というところにあるわけで、そのような下劣な人物に、「オレ様は博士だぞ、えらいだろ」と言わせるような原因をつくったことに、慶應義塾関係者としてなにがしかの意識をもっていただければそれでいいのです。
ちなみに、その近辺に同じように第3法則剥き出しの無恥で卑劣で傲慢な人物がいますが、だからといってその出身でとやかく言うつもりはありません。ただ、そんな人物を世間に出荷してしまったことになにがしかの意識を持っていただければというだけです。
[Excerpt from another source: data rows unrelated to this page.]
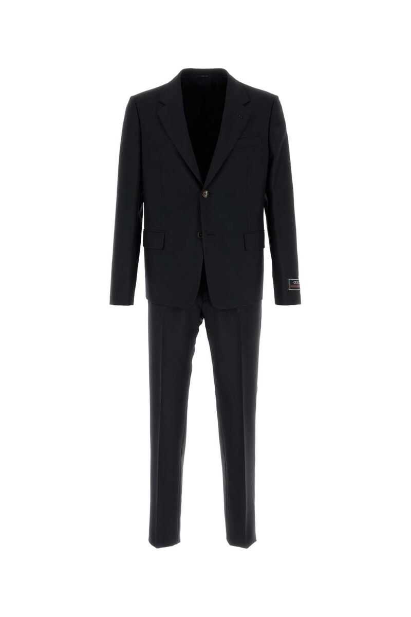 navy blue wool Jacket: notched lapels front button fastening long sleeves appliqué logo chest welt pocket two front flap pockets internal patch pockets American rear vent full lining Trousers: pressed crease belt loops concealed front fastening straight leg This piece fits true to size. We recommend you get your regular size
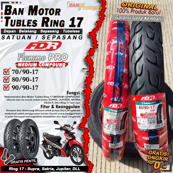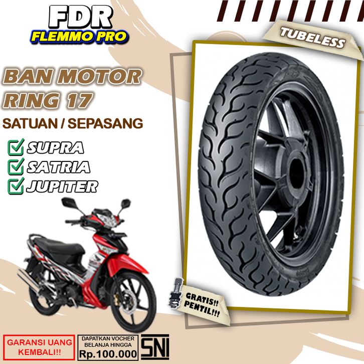 Ban Motor Tubeless FDR Flemmo Pro Ring 17 Ban Motor Vixion Ninja Supra Satria Tubles Depan Belakang Sepasang Ring 17
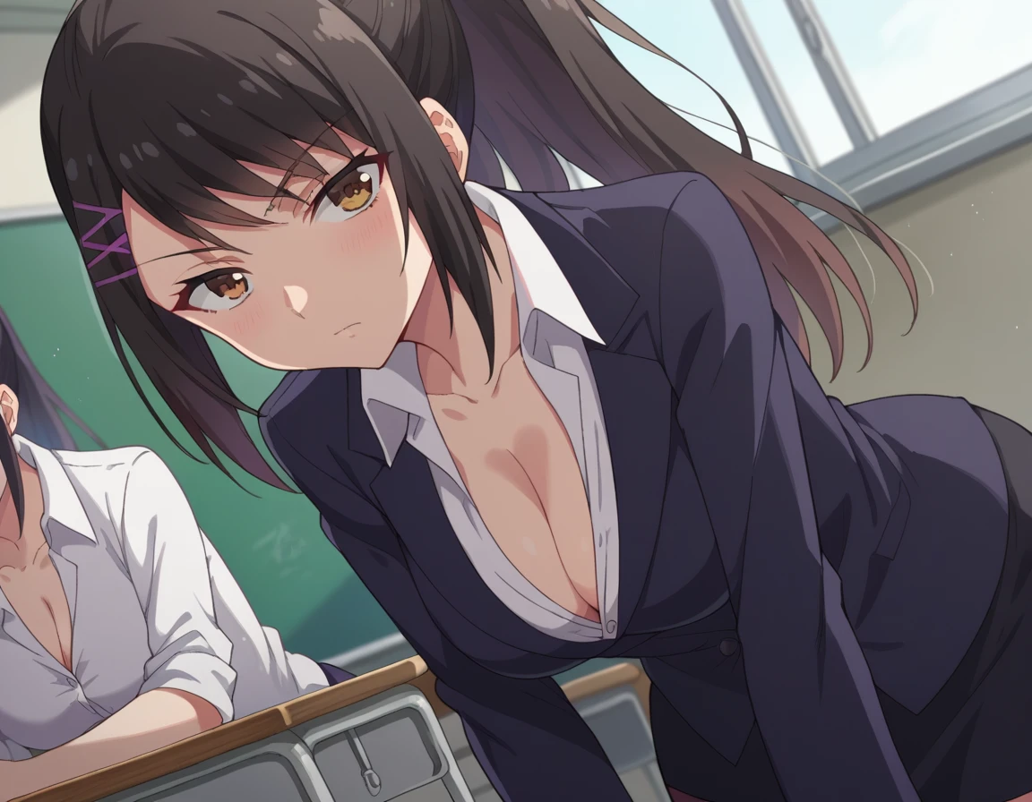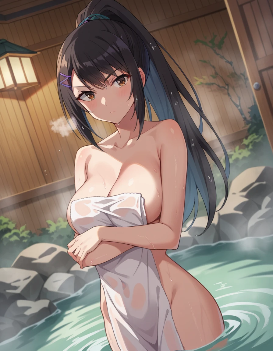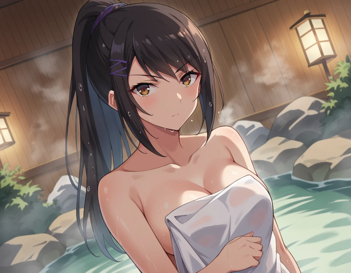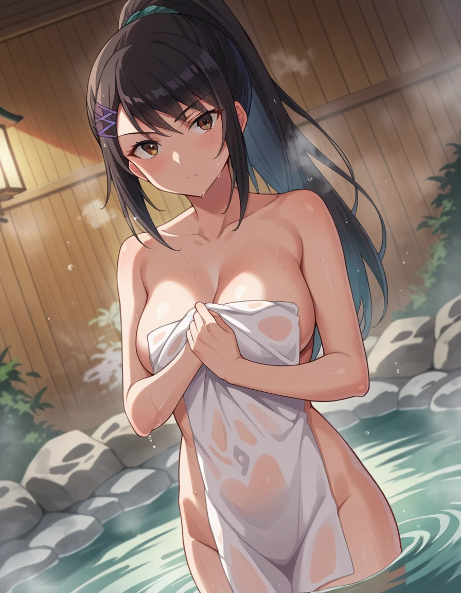 sae chabashira, long hair, black hair, hair ornament, brown eyes, ponytail, hairclip,

投稿: hamachan | 2010年8月20日 (金) 20時40分
遅レスです、すみません。
しかし、すっと引いた立場で見ると、もう勝負あった、と。
間違った物言いだったり引用だったりは、訂正すりゃあいいことでしょう。それが「敗北」とでも思ってるのかな...そんな自分が許せないと。
あと、自分への批判に対しては過剰なまで攻撃的になる奴っているよね、大体気が小さい、よわーい奴(私の周りにいたのはずっとそう)なんだけどさ。
で、結局都合悪くなるとシッポ巻いてフェードアウトするんだけど。
あと、人のアカウントがどうだとか、中立のふりして一方に肩入れするやつとか...これが気持ち悪い。まず女性にもてないタイプですな。この人たち。
この件、私、hamachanを支持することにしました。